Given material —
========

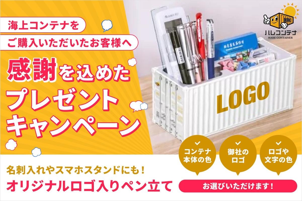この度、海上コンテナをご購入していただいた皆様に、オリジナルロゴ(会社名・個人名)が入ったペン立てをプレゼントいたします。
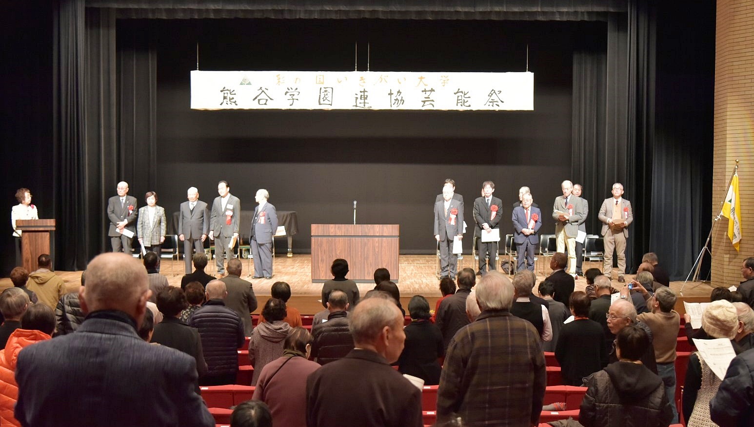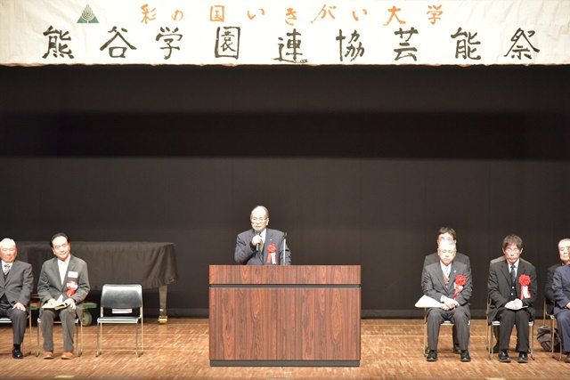 彩の国いきがい大学熊谷学園校友会連絡協議会中島武久会長がご挨拶を行いました。
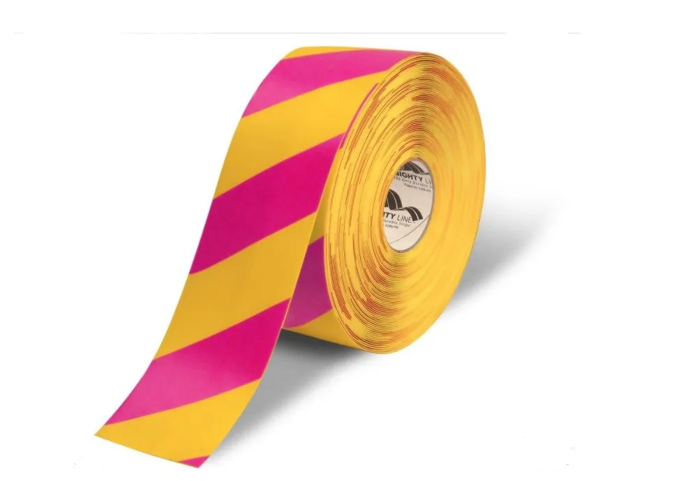 MIGHTY LINE 4RYCHVM Yellow Tape with Magenta Chevrons, 4 Inch Wide, 100 ft. Roll

========

Exercise prompt — The pictures should be dropped, and every line above should be set down again exactly.

Result —
この度、海上コンテナをご購入していただいた皆様に、オリジナルロゴ(会社名・個人名)が入ったペン立てをプレゼントいたします。
 彩の国いきがい大学熊谷学園校友会連絡協議会中島武久会長がご挨拶を行いました。
 MIGHTY LINE 4RYCHVM Yellow Tape with Magenta Chevrons, 4 Inch Wide, 100 ft. Roll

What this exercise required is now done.